I’ve come to realise that everything we do in life should have a superordinate goal to give God the glory. All our successes should be what we use to spread news of the free gift of reconciliation with God through Christ’s death and resurrection. Its hard because I’m not really sure how my, one day, getting married will glorify God’s name, but perhaps if I abstain from sin, if I approach a relationship in the manner which pleases God and I repent for the sins I commit along the way, maybe when I finally get married and I and my husband are presented before God, the angels will rejoice and his name will be glorified in heaven and on earth, because beyond the struggles with the flesh, a beautiful union has been formed.
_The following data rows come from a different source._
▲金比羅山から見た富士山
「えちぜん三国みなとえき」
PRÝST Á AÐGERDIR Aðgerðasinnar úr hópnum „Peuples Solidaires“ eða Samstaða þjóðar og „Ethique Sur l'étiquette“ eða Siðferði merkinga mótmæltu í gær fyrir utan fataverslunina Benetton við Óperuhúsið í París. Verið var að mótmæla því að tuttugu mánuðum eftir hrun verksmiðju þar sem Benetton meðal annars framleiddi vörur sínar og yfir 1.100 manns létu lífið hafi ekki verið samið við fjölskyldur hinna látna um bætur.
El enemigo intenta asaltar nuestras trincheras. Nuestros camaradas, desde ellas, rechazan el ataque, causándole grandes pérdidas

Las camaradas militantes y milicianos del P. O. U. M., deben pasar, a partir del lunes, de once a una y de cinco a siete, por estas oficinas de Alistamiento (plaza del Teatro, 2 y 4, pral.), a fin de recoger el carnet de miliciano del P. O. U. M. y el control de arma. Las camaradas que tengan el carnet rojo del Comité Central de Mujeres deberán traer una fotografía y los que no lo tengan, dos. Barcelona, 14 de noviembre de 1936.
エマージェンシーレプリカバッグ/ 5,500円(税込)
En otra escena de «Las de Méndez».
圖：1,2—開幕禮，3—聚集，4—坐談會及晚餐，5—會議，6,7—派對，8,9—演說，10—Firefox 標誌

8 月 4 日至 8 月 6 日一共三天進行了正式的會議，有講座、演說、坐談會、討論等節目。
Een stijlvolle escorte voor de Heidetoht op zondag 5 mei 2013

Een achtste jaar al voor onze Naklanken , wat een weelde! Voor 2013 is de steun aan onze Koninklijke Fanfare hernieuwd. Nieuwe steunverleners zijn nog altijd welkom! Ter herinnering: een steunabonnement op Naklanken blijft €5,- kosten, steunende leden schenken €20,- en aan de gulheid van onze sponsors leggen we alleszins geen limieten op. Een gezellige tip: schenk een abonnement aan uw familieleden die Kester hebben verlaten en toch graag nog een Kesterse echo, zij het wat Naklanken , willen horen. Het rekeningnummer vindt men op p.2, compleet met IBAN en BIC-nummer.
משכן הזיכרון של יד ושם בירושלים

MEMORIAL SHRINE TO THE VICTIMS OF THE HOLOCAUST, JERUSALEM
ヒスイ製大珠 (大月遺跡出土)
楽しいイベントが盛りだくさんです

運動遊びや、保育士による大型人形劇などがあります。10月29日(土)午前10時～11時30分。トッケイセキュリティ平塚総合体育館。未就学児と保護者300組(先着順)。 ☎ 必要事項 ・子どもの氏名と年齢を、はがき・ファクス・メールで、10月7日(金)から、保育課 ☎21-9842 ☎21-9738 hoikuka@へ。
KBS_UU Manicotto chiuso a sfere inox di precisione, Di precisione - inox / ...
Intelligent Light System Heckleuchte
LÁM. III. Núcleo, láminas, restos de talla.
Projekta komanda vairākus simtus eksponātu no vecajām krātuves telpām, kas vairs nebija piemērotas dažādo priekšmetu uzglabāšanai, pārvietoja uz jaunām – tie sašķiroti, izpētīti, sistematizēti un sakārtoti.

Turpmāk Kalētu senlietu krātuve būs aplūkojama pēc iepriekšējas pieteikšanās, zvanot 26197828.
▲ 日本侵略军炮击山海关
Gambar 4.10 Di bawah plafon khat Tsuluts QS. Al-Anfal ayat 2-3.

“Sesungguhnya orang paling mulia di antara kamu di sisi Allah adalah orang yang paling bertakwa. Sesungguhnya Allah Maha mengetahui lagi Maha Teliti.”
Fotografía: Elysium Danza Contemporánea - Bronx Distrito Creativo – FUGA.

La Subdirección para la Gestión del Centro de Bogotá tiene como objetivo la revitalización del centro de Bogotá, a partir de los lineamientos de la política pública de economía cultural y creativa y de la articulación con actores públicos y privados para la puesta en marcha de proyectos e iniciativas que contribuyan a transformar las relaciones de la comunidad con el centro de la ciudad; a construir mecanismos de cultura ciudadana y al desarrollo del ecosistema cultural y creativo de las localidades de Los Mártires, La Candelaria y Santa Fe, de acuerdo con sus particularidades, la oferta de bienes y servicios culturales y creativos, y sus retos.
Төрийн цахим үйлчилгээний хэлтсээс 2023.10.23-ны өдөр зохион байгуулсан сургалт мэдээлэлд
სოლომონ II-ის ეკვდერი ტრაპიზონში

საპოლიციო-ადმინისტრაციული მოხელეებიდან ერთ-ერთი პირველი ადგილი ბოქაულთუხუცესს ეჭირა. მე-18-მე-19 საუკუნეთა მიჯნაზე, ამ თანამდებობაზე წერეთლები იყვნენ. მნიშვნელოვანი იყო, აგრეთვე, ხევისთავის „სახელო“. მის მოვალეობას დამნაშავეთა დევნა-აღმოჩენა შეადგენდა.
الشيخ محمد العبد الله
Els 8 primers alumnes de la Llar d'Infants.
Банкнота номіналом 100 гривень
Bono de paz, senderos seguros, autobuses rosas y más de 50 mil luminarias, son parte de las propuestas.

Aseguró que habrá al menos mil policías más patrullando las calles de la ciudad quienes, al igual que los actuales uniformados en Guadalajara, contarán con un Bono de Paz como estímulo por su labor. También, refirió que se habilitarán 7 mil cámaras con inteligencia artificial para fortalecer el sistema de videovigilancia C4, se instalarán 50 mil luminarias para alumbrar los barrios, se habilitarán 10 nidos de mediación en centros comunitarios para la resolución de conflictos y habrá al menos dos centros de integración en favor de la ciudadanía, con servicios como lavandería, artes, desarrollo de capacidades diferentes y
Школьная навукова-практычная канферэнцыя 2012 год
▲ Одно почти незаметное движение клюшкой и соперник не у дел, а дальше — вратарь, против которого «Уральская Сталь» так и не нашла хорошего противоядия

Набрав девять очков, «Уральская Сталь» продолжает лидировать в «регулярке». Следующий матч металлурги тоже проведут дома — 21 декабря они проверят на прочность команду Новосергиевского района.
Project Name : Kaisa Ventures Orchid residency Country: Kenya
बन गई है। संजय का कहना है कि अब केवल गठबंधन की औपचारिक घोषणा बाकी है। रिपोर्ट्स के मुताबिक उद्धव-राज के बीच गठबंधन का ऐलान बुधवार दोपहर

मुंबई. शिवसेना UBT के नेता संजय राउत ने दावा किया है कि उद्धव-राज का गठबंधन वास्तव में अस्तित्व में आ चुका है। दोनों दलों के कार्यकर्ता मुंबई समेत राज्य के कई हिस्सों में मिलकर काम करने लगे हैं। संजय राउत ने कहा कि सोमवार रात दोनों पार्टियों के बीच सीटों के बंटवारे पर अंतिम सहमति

And those who know my past will know that God must have been a part of this, it could not have happened otherwise.

No relationship should be simply for love or companionship’s sake, it should also be to bring out the best side of your partner (the side that loves God and glorifies him), to be a blessing to them and them a blessing to you (gaining a stronger relationship with God together), and in marry them, depict the wonderful manifestations of God’s influence, grace and mercy. Relationships are not easy, they should not be  created without absolute assurance, the should not be without Jesus Christ’s grace, they should not be based on selfish human needs, this is what I’m still trying to drum into my own head.

I pray that God the father help his children to wait patiently for him to manifest his love – to be our shepherd, for us to remain content as Paul was even whilst facing persecution for spreading the Gospel “the Good News”

‘I am not telling you this because I need anything, I have learned to be satisfied with the things that I have, and with everything that happens. I know how to live when I am poor, and how to live when I have plenty.’ Philippians 4:11

And I pray that as you manifest your love Lord Jesus Christ, we will remain humble and continue to serve you diligently, your blessings will not cause us to be blinded by satisfaction and success, and we will not grow impatient, that we cease from praising you, in Jesus mighty name I pray, amen.